#### Task prompt:
In full and exactly, please return the records, but keep out the pictures.

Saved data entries
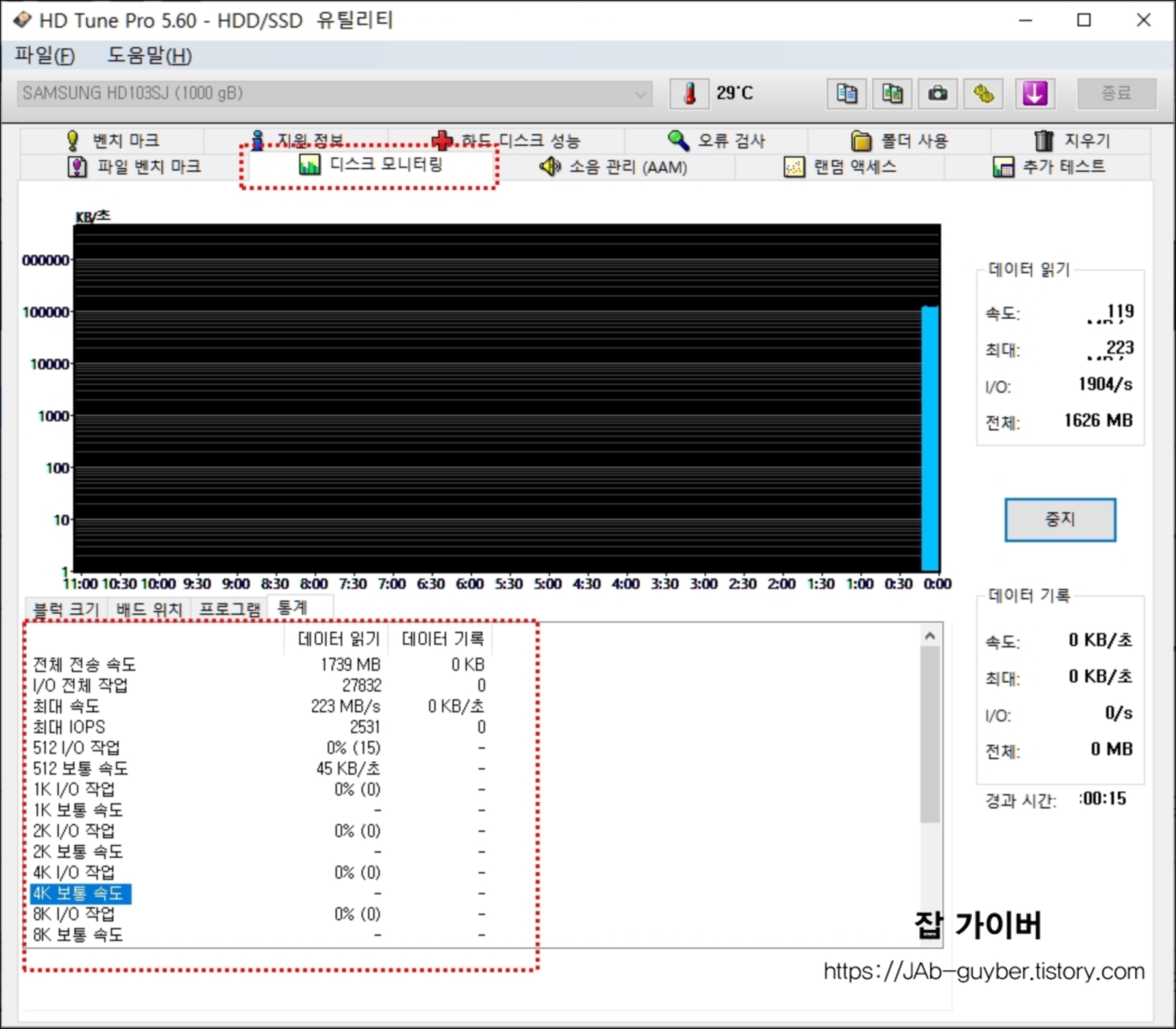 디스크 모니터링을 통해서는 데이터를 기록하는 작업속도의 최대와 보통 IOPS값을 볼 수 있습니다.
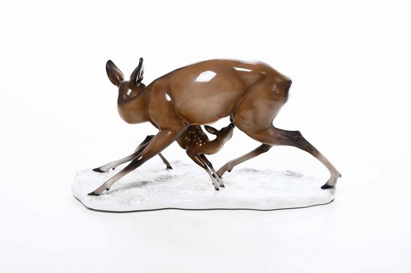 Gruppo con cervi Germania, Manifattura Rosenthal, 1967 Modello di A. Roehring
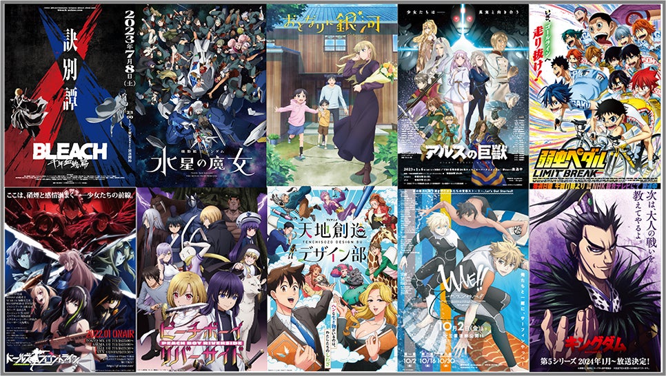 今回、旭プロダクションのブースで展示される作品には撮影、CG、特殊効果などで制作協力をした、現在絶賛放映中の人気タイトル『BLEACH 千年血戦篇-訣別譚-』、2クール目を終えたばかりの名作『機動戦士ガンダム 水星の魔女』、自転車スポーツドラマのアニメ『弱虫ペダル』、第5シリーズ2024年1月放送決定の戦国時代(中国)のアニメ『キングダム』の他、動物ファンタジーコメディ作品『天地創造デザイン部』、漫画家と流れ星の民の姫が展開するラブストーリー『おとなりに銀河』、SFファンタジーの『アルスの巨獣』、そして『WAVE‼』、『ドールズフロントライン』、『ピーチボーイリバーサイド』など制作をした10作品のポスター、PV、原画、設定集などを展示します。
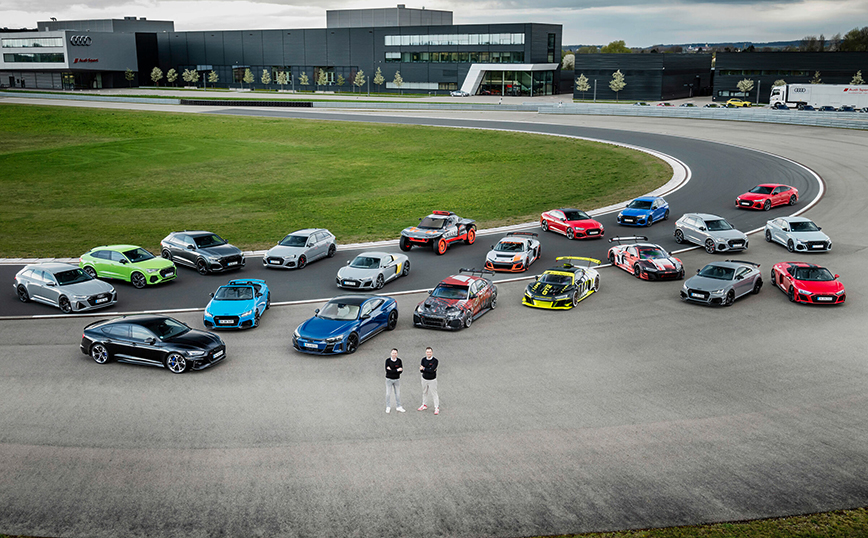 Η Audi Sport GmbH αυτή τη στιγμή απασχολεί περίπου 1.500 άτομα. Το 2022, η εταιρία σημείωσε και πάλι ρεκόρ πωλήσεων με 45.515 αυτοκίνητα. Με 16 μοντέλα, το χαρτοφυλάκιο οχημάτων είναι μεγαλύτερο από ποτέ, από το compact Audi RS 3 Sportback και το SUV υψηλών επιδόσεων RS Q8 μέχρι το σούπερ σπορ αυτοκίνητο R8 Coupé και το κορυφαίο ηλεκτρικό μοντέλο, το RS e-tron GT. Επίσης, πέρυσι, 10.042, ή περίπου το ένα τέταρτο των οχημάτων που παραδόθηκαν από την Audi Sport, ήταν ήδη μοντέλα της οικογένειας e-tron GT, με περίπου ένα στα τρία από αυτά να είναι μοντέλο RS.
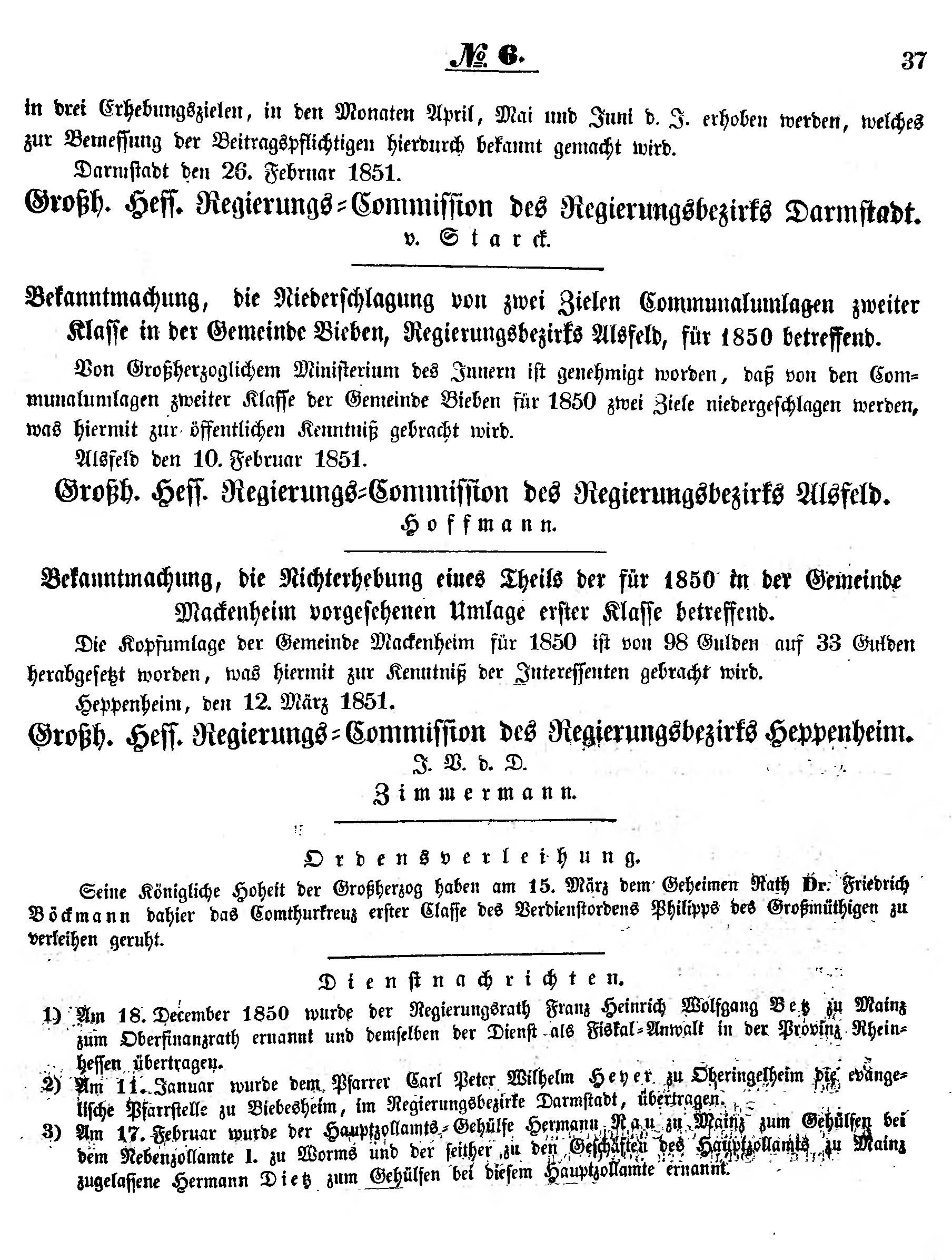 1) Am 18. December 1850 wurde der Regierungsrath Franz Heinrich Wolfgang Betz zu Mainz zum Oberfinanzrath ernannt und demselben der Dienst als Fiskal-Anwalt in der Provinz Rheinhessen übertragen.

#### Solution:
 디스크 모니터링을 통해서는 데이터를 기록하는 작업속도의 최대와 보통 IOPS값을 볼 수 있습니다.
 Gruppo con cervi Germania, Manifattura Rosenthal, 1967 Modello di A. Roehring
 今回、旭プロダクションのブースで展示される作品には撮影、CG、特殊効果などで制作協力をした、現在絶賛放映中の人気タイトル『BLEACH 千年血戦篇-訣別譚-』、2クール目を終えたばかりの名作『機動戦士ガンダム 水星の魔女』、自転車スポーツドラマのアニメ『弱虫ペダル』、第5シリーズ2024年1月放送決定の戦国時代(中国)のアニメ『キングダム』の他、動物ファンタジーコメディ作品『天地創造デザイン部』、漫画家と流れ星の民の姫が展開するラブストーリー『おとなりに銀河』、SFファンタジーの『アルスの巨獣』、そして『WAVE‼』、『ドールズフロントライン』、『ピーチボーイリバーサイド』など制作をした10作品のポスター、PV、原画、設定集などを展示します。
 Η Audi Sport GmbH αυτή τη στιγμή απασχολεί περίπου 1.500 άτομα. Το 2022, η εταιρία σημείωσε και πάλι ρεκόρ πωλήσεων με 45.515 αυτοκίνητα. Με 16 μοντέλα, το χαρτοφυλάκιο οχημάτων είναι μεγαλύτερο από ποτέ, από το compact Audi RS 3 Sportback και το SUV υψηλών επιδόσεων RS Q8 μέχρι το σούπερ σπορ αυτοκίνητο R8 Coupé και το κορυφαίο ηλεκτρικό μοντέλο, το RS e-tron GT. Επίσης, πέρυσι, 10.042, ή περίπου το ένα τέταρτο των οχημάτων που παραδόθηκαν από την Audi Sport, ήταν ήδη μοντέλα της οικογένειας e-tron GT, με περίπου ένα στα τρία από αυτά να είναι μοντέλο RS.
 1) Am 18. December 1850 wurde der Regierungsrath Franz Heinrich Wolfgang Betz zu Mainz zum Oberfinanzrath ernannt und demselben der Dienst als Fiskal-Anwalt in der Provinz Rheinhessen übertragen.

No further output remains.